Additionally, SC-TPTP accommodates proof strategies found in tableau-based ATPs via its explicit, granular rule encoding. Explicit parameterization—such as indices for subformulas, explicit substitutions for quantifier instantiation, and named variables—provides local verifiability and avoids hidden ambiguities, especially concerning variable capture or alpha-equivalence in quantified reasoning.
5. Support for Modular Proof Construction and Tooling
A key feature of SC-TPTP is the explicit separation between basic level-1 inferences and advanced level-2 tactics. This modularity is critical to ITP workflows, enabling users or automated systems to unfold, inspect, or replace high-level strategies with their underlying logical steps.
SC-TPTP's implementation ecosystem—such as the Scala-based SC-TPTP library—provides utilities for parsing, printing, proof checking, and transformation. For example, it is possible to replace a level-2 congruence step with a series of explicit substitution steps suitable for low-level verification. This modularity supports both transparent proof checking and the refactoring of large, complex proofs into manageable components.
6. Proof Strategies, Efficiency, and Verification
Adopting a sequent-based, over-specified formalism yields several concrete benefits:
- ATP-generated proofs are no longer “black-box” but decomposable into individually checkable steps.
- Explicit sequents and parameters support both forward (synthetic) and backward (analytic) proof development styles.
- Verifiers can check each proof step locally, supporting efficient, distributed, or incremental verification.
- Proofs can be exported, for instance, into Coq lemmas with automated rule mappings, ensuring compatibility with existing verification environments.
This structured modularity is particularly beneficial for large formal developments and enables a basis for both human-inspectable and fully automated verification pipelines.
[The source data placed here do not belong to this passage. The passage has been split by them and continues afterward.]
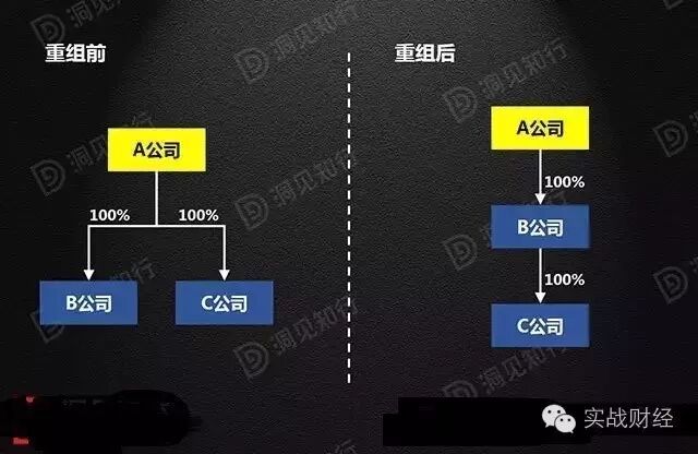 重组前,A公司同时持有B公司和C公司的全部股权。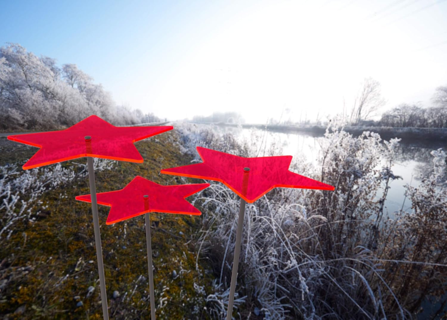 Thanks to the warm light and the soft swaying in the wind the Cazador will bring harmony and sunshine into your life whether the sun shines or not. Even on a dull day the sun-catcher will turn invisible light into visible light. Each glance at the garden or at the balcony will bring a smile on your face, for light is nourishment for the soul. Entire set of Cazador-del-sol consisting of 3 (THREE) approximately 7" Acrylic glass Sun-catcher Stars including the 3"9" fibre-reinforced plastic swinging rod and the little wedge for mounting the Sun-catcher on the swinging rod.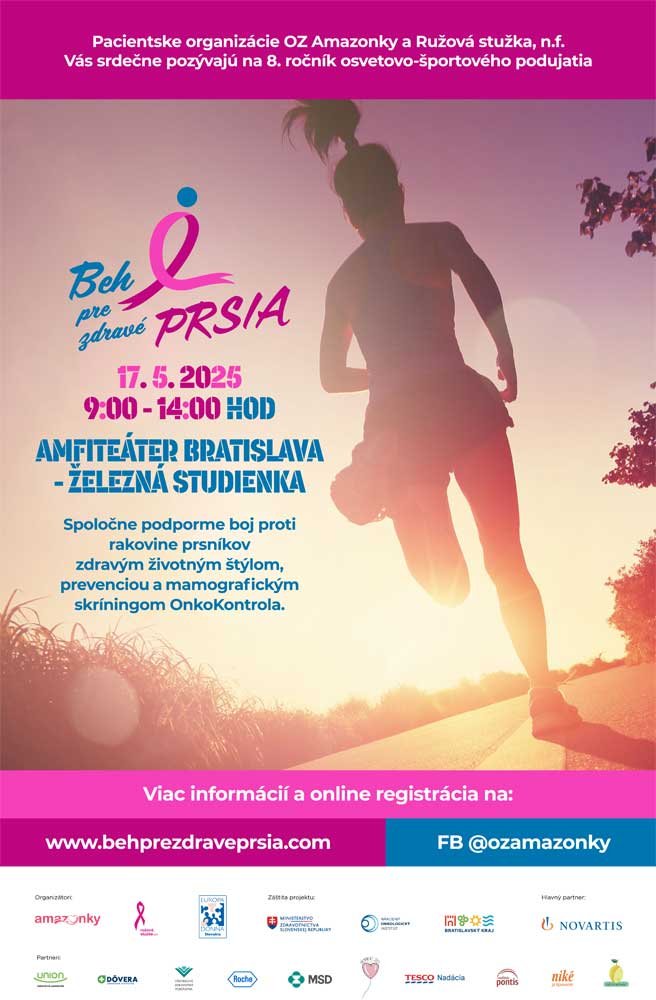 Vaša podpora – či už materiálna, organizačná, mediálna alebo morálna – významne prispela k úspechu podujatia, ktoré spája osvetu, pohyb a solidaritu s onkologickými pacientkami. Aj vďaka vám sme mohli zabezpečiť kvalitné zázemie, príjemnú atmosféru, bohatý program a silný spoločenský odkaz – že prevencia, včasná diagnostika a podpora pacientok majú zmysel.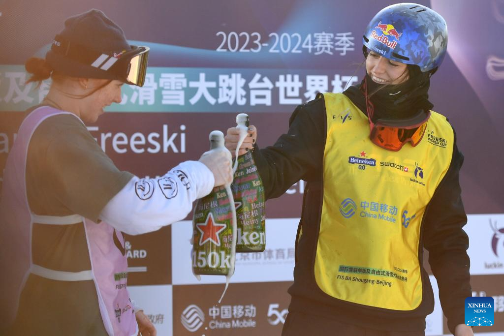 Mathilde Gremaud (R) of Switzerland celebrates with Kirsty Muir of Britain during the awarding ceremony after women's freeski big air final at the FIS Snowboard and Freeski Big Air World Cup at Big Air Shougang in Beijing, capital of China, Dec. 2, 2023. (Xinhua/Ju Huanzong)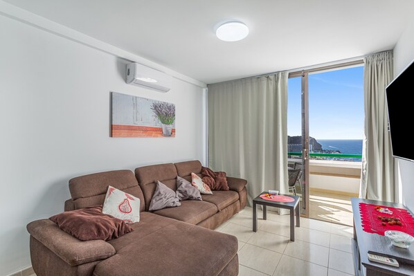 Situé à Puertorico, l'appartement de vacances Calipso sun and beach offre aux clients une vue fantastique sur l'Atlantique. La propriété de 3 étages se compose d'un salon avec un canapé-lit pour 2 personnes, d'une cuisine (sans lave-vaisselle), d'une chambre et d'une salle de bain et peut donc accueillir 3 personnes. Les équipements supplémentaires comprennent un Wi-Fi haut débit (adapté aux appels vidéo) avec un espace de travail dédié pour le télétravail, une smart TV avec des services de streaming, la climatisation, un ventilateur, une machine à laver ainsi qu'un séchoir. Un lit bébé est également disponible. Cette location de vacances propose 2 terrasses pleines et un balcon pour votre usage exclusif.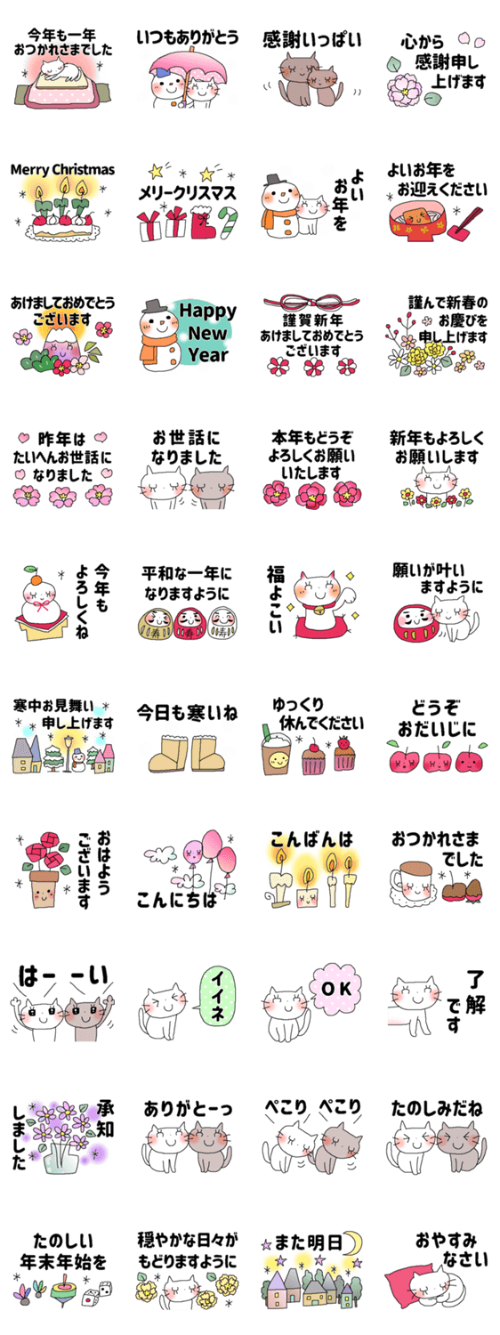 日頃の感謝を込めて贈ります。シンプルで見やすい大きな文字、敬語多めで使いやすい大人かわいい40個。ずっと使える冬のご挨拶(年賀状)スタンプです。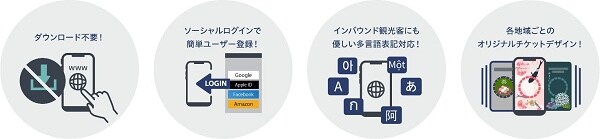 また、事業者側で簡単にチケットを作成できること、QRコード(※)を利用者が読み取るとチケットの利用認証ができることなども強みだ。各WEBアプリやチケットのデザインには、任意の画像や色を設定できる。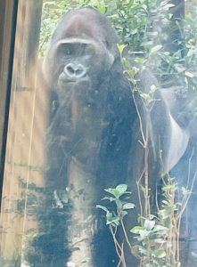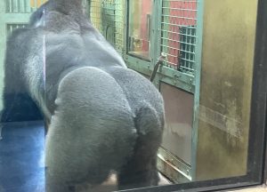 こちらはキンタロウのお父さんモモタロウのきれいなおしりです。御年39歳です。ゴリラの寿命が40年と言われますのでご長寿です。トリマーさんが入ってるかのような毛並みに感動です。かわいいお顔でした。九州には🦍はいませんので、貴重な機会に感謝です。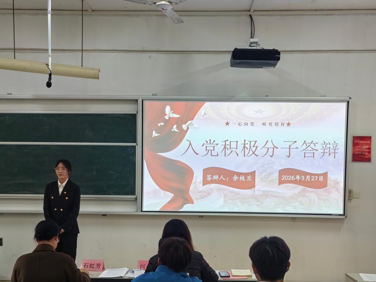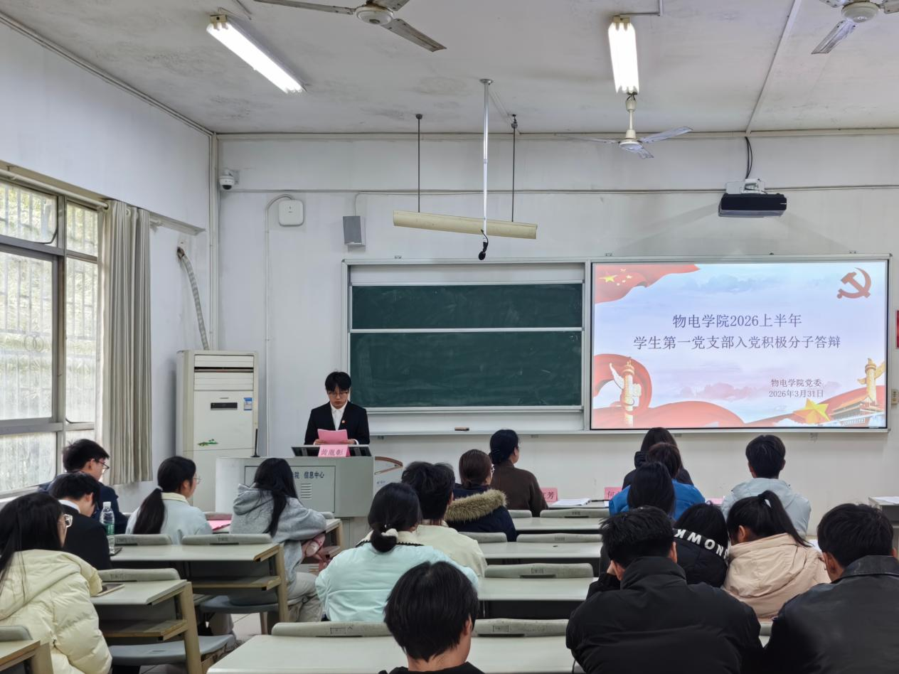3月31日,物电学院学生第一党支部在6111教室开展2026年上半年入党积极分子答辩会,院党委副书记石红芳、教师第一党支部副书记何小娅担任评委,学生第一党支部全体学生党员及入党积极分子参会。

7. Summary Table: Core Features of SC-TPTP
Feature | Description | Significance |
---|---|---|
Sequent-based rules | Full, parameterized specification of sequent calculus steps | Fine-grained, checkable proofs |
Interoperability | Single format usable for both ATPs and ITPs, reduces translation complexity | Seamless proof exchange |
Level-1/Level-2 step separation | Basic rules vs. advanced tactics (expandable to low-level inferences) | Modular, inspectable proofs |
Explicit parameterization | Indices, substitutions, and variable names encoded in each inference step | Local verification, avoids pitfalls |
Library/tool support (Scala, Coq, Lisa) | Parsing, printing, checking, transformation, and export to major environments | Practical adoption |
In conclusion, SC-TPTP provides a detailed, sequent-calculus–based framework for specifying, exchanging, and verifying proofs between first-order ATPs and ITPs (Cailler et al., 15 Jul 2025). Its fine-grained inference specification, modular step separation, compatibility with traditional and modern proof systems, and tool support make it a central development for interoperability in formal logic and verification research.